Maybe it did. Maybe this whole thing is a case of Michael, having fallen in love with Joni, becoming mortified at who her mother turns out to be.
Mortified not just because of what I might know about him, but because he’s already concocted this false narrative for Joni about his parents dying in a car wreck.
Ashamed by what his mother did to his father, he’s built an alternate self. For years, it works just fine. By the time he’s old enough to care about girls, perhaps, the media have mostly forgotten about him. He’s gone through puberty; he looks different enough that the paparazzi have lost the scent. And so now, when it comes to that getting-to-know-you moment in a new relationship, he’s free to improvise. He keeps it tragic, with plenty of truth to reinforce the lies. There’s only one problem: he ends up dating the daughter of someone who knows better.
The chance is very slim, but possible. For one thing, I’m not the only one who knows. He could’ve wound up dating the daughter of his ad litem from the case. Or the judge’s daughter. Or one of the police officers or crime-scene techs involved.
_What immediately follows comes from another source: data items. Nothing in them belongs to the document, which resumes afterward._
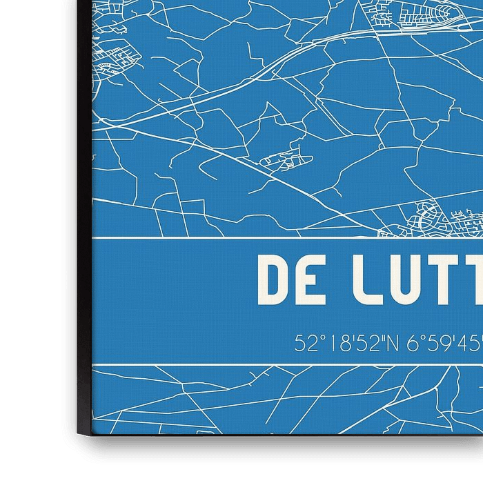 Blueprint of the map / map of the Dutch town de Lutte, located in Twente, in municipality Losser, province of Overijssel. The map contains all public roads and the coordinates of the center of de Lutte.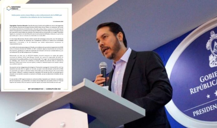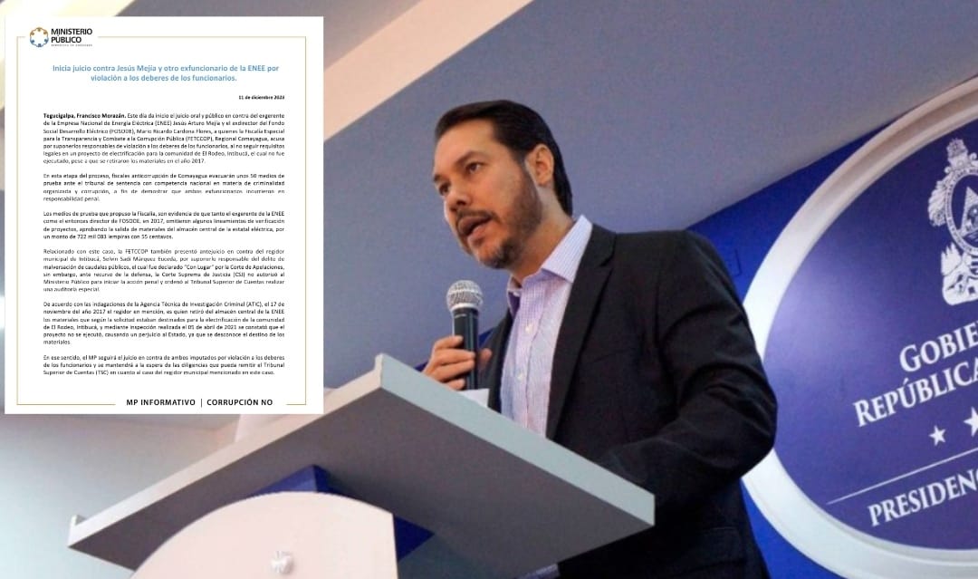 Este día da inicio el juicio oral y público en contra del exgerente de la Empresa Nacional de Energía Eléctrica (ENEE) Jesús Arturo Mejía y el exdirector del Fondo Social Desarrollo Eléctrico (FOSODE), Mario Ricardo Cardona Flores, a quienes la Fiscalía Especial para la Transparencia y Combate a la Corrupción Pública (FETCCOP), Regional Comayagua, acusa por suponerlos responsables de violación a los deberes de los funcionarios, al no seguir requisitos legales en un proyecto de electrificación para la comunidad de El Rodeo, Intibucá, el cual no fue ejecutado, pese a que se retiraron los materiales en el año 2017.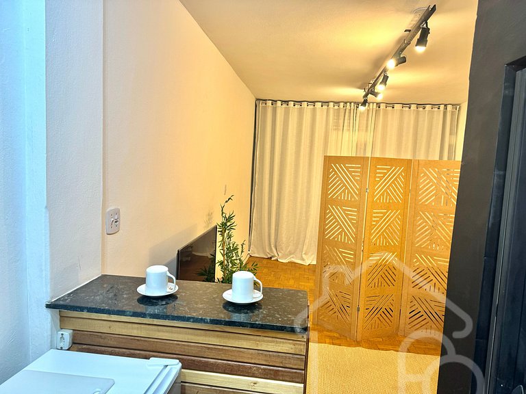 O estúdio oferece um espaço acolhedor e bem equipado, ideal para sua estadia:

Even a reporter who might still recall the case with clarity.
But instead of any of them, it was me.
And maybe seeing us this weekend wasn’t the first time he made the connection. Surely Joni showed him some pictures. And then there’s her last name. My last name. Had he forgotten it at first? Or thought nothing of it? The “aha” moment might not have come until several months into their relationship. They could’ve had a conversation about what I did for a living, what Paul did. By the time Michael finally put it together, he was in too deep.
Maybe it’s all a sign of how much he loves my Jo. That he didn’t run, even after he realized what a horror show of a coincidence this whole thing was.